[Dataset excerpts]
──────────

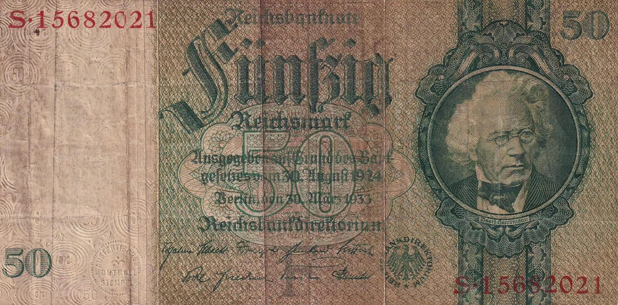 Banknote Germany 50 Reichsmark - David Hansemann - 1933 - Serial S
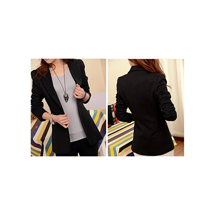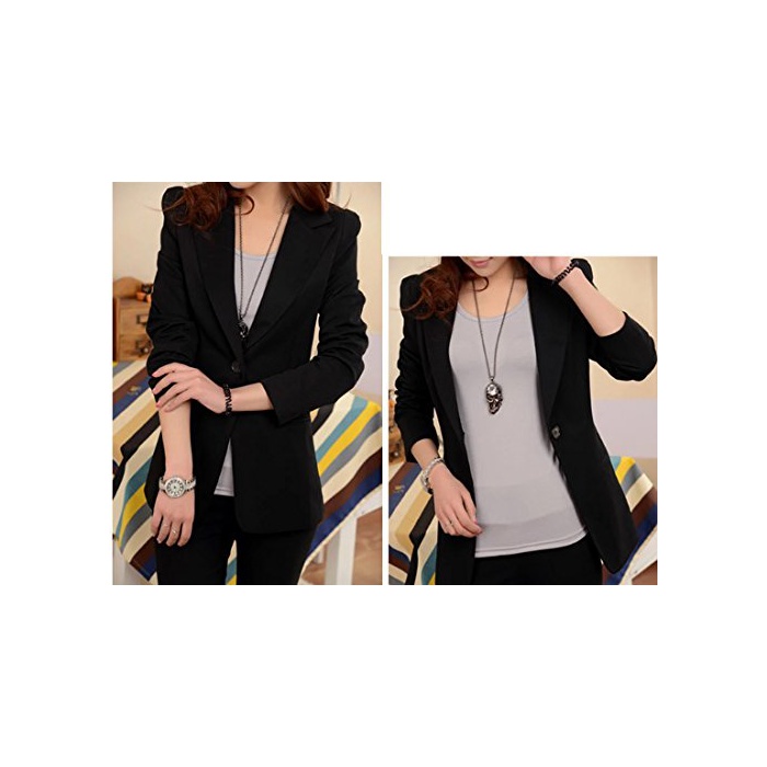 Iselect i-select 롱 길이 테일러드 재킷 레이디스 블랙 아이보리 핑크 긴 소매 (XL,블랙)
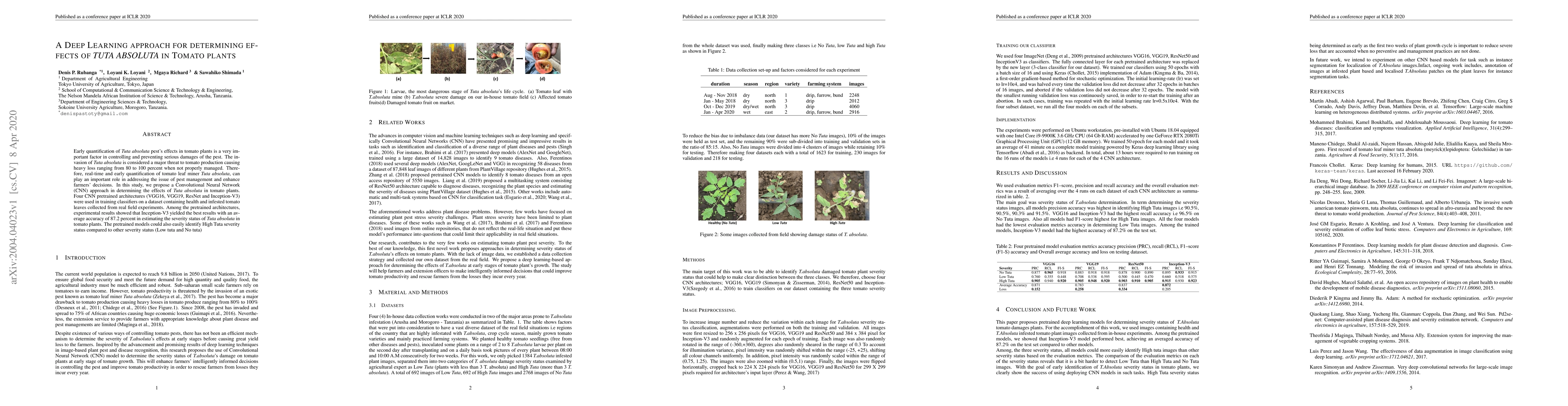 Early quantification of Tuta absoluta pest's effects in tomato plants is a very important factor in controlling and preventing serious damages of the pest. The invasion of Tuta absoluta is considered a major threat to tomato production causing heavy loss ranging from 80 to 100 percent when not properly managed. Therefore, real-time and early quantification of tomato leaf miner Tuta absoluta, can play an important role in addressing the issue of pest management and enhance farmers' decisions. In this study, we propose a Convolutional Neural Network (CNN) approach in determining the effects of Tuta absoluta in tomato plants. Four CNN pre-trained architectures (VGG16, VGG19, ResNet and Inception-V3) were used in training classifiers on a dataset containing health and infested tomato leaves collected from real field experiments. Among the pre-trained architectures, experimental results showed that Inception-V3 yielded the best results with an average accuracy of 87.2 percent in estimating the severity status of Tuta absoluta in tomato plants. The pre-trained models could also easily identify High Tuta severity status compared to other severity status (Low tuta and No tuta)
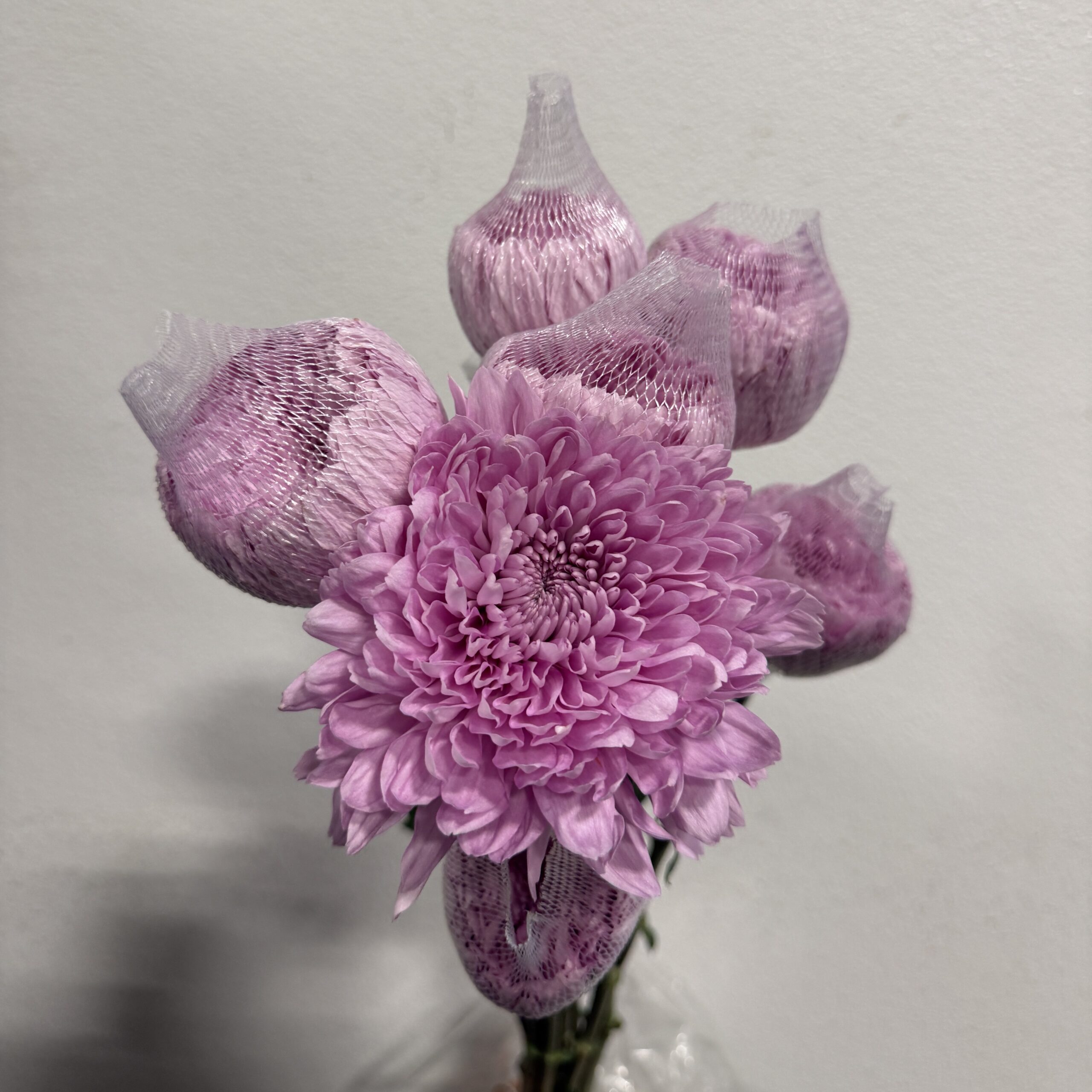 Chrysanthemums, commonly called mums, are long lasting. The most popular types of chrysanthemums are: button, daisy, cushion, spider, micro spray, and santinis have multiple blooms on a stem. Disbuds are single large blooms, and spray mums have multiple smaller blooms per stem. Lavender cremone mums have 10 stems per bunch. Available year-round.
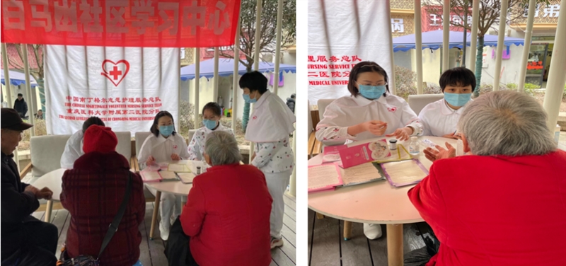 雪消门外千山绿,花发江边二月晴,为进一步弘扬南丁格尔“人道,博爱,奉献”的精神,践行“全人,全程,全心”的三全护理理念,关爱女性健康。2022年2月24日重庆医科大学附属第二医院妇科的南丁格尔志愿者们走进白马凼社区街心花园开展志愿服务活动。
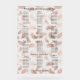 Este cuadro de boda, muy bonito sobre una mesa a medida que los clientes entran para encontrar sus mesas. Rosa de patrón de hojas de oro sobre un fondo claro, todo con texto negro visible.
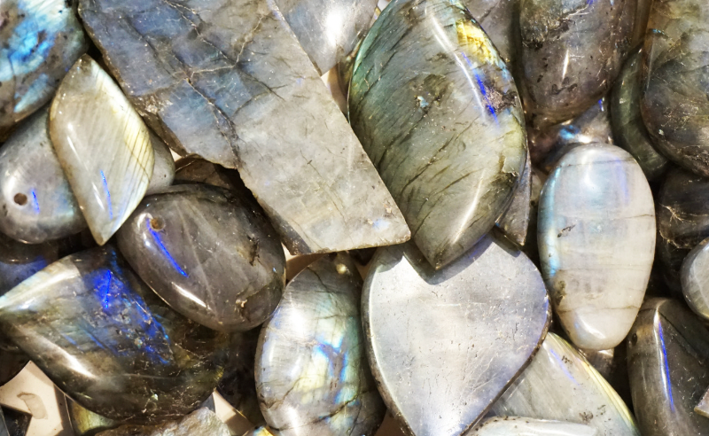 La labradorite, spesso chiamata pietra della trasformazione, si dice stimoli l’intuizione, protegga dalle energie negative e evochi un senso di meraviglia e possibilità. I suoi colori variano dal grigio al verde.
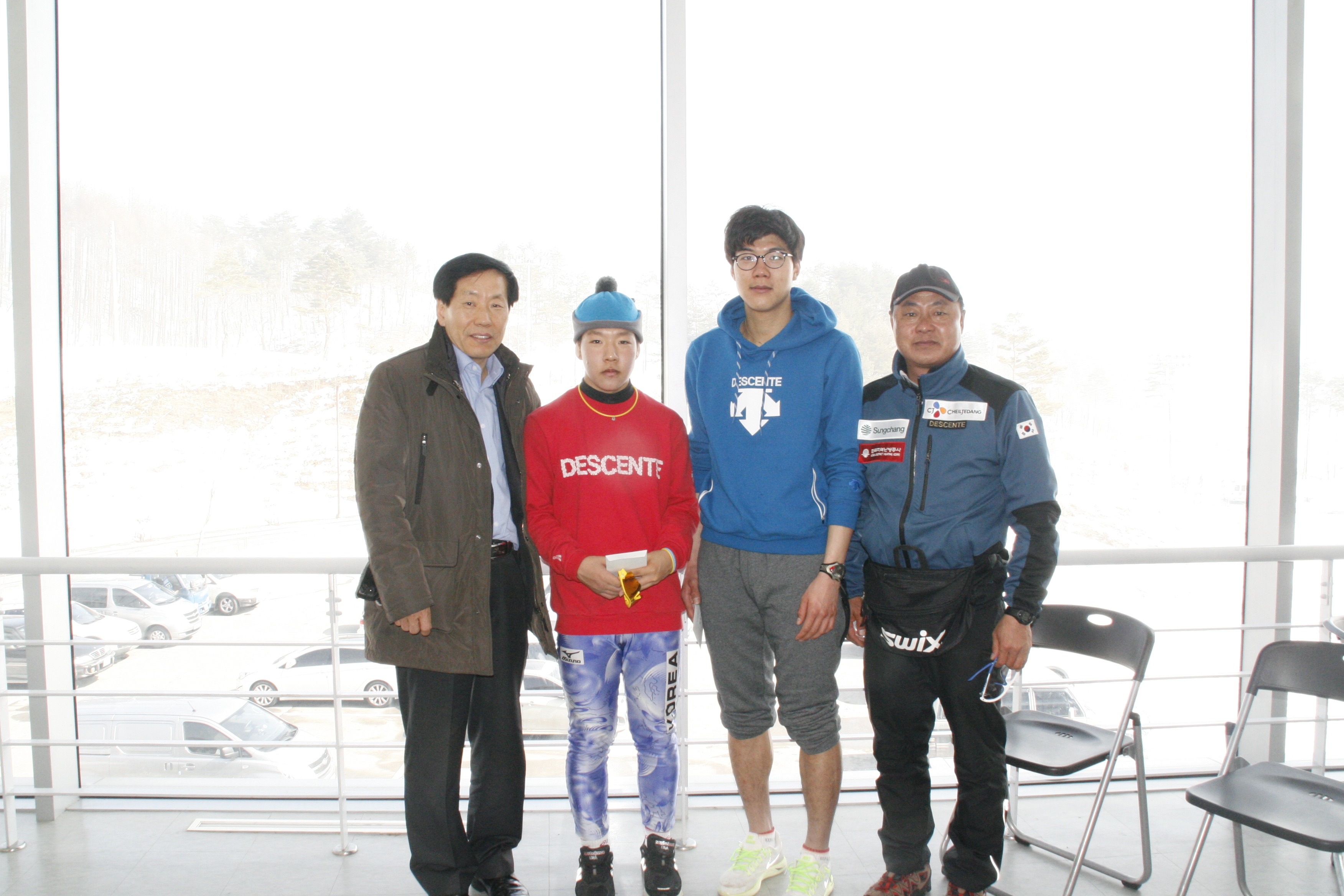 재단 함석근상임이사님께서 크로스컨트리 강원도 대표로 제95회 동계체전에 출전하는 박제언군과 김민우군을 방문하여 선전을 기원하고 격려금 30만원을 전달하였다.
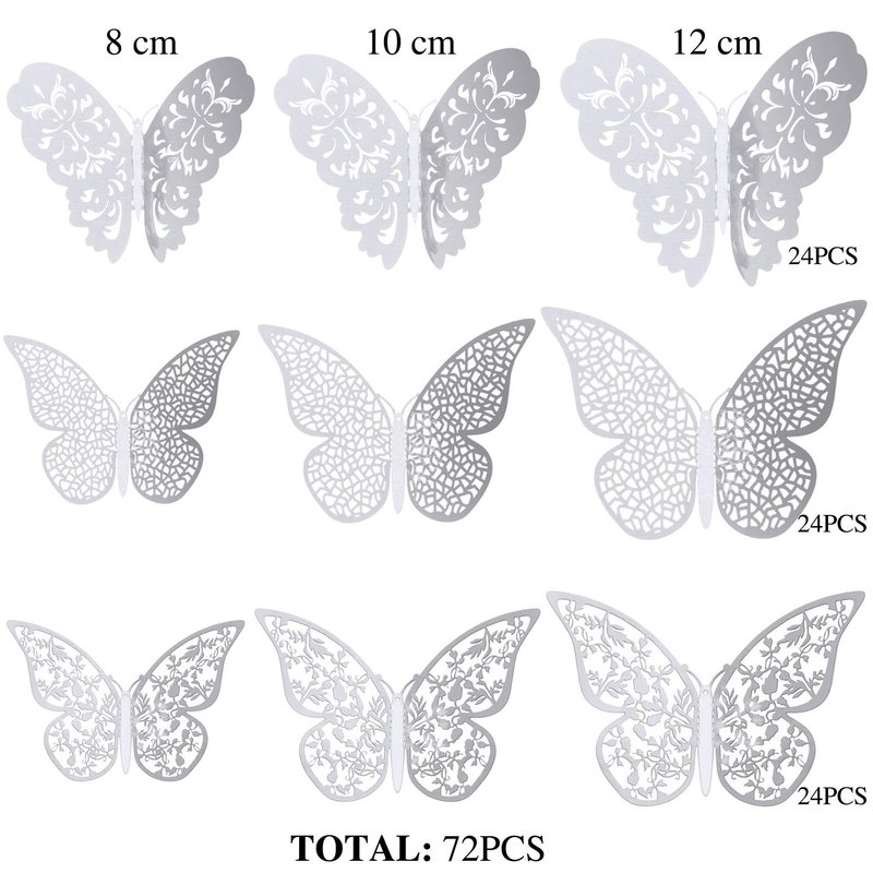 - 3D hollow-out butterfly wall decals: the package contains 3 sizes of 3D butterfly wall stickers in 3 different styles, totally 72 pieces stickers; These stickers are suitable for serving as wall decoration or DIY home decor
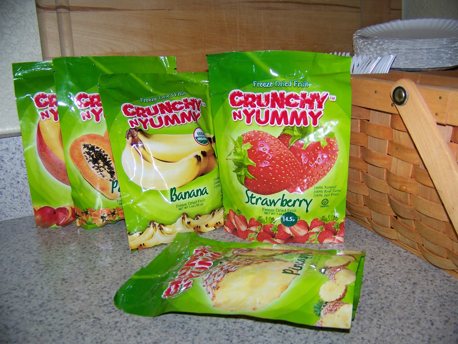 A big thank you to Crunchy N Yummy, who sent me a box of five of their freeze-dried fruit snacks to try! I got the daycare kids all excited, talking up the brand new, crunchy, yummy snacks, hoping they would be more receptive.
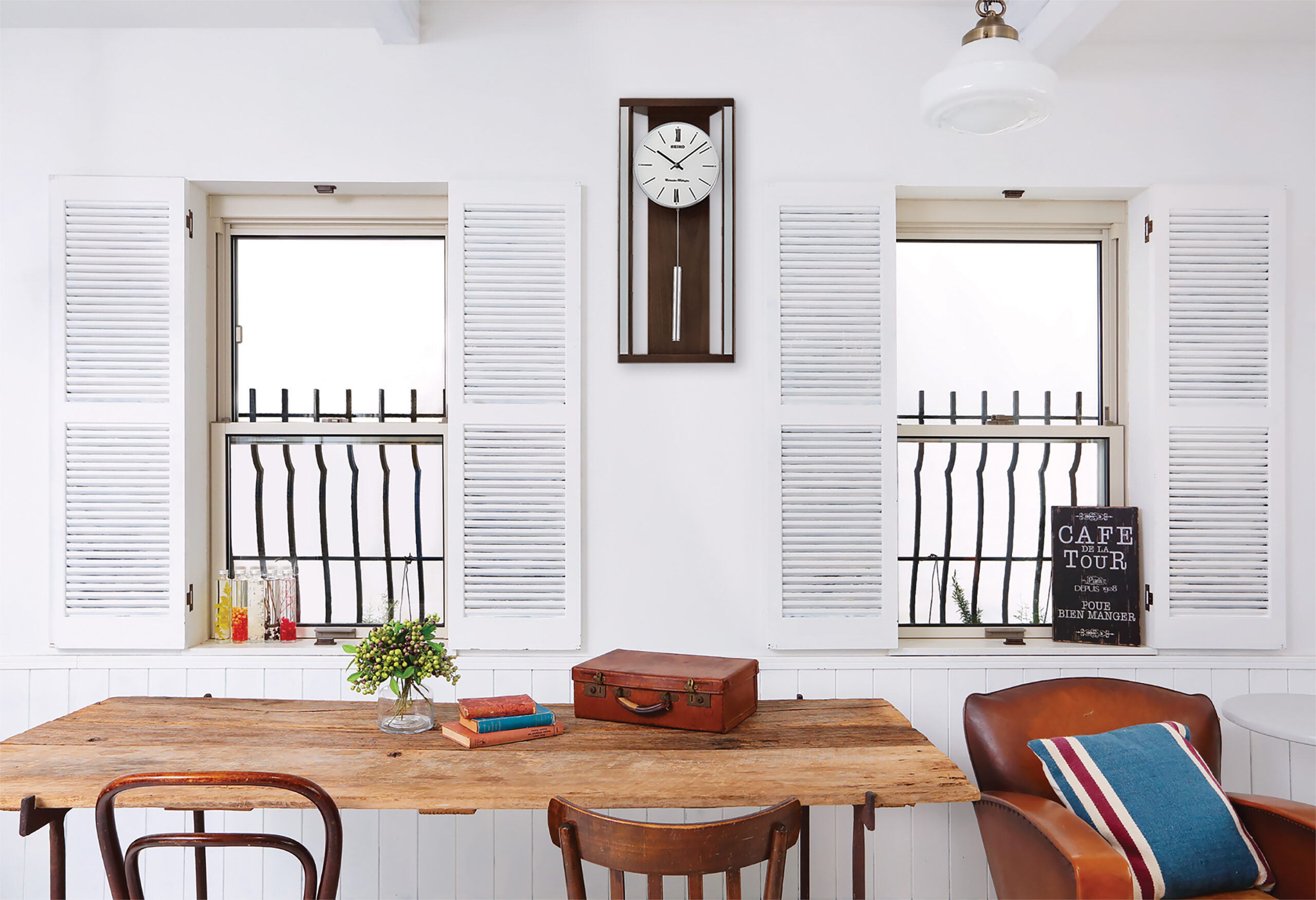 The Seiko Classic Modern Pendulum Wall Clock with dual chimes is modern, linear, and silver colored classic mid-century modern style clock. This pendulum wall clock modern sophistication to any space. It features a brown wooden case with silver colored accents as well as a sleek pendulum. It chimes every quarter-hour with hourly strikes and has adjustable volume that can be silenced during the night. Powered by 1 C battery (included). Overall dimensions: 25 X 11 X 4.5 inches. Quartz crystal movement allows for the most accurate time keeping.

──────────

### Task requirements
Set down the records above word for word, from the first line through the line containing "Iselect i-select 롱", both included; leave out the pictures.

### Written response
 Banknote Germany 50 Reichsmark - David Hansemann - 1933 - Serial S
 Iselect i-select 롱 길이 테일러드 재킷 레이디스 블랙 아이보리 핑크 긴 소매 (XL,블랙)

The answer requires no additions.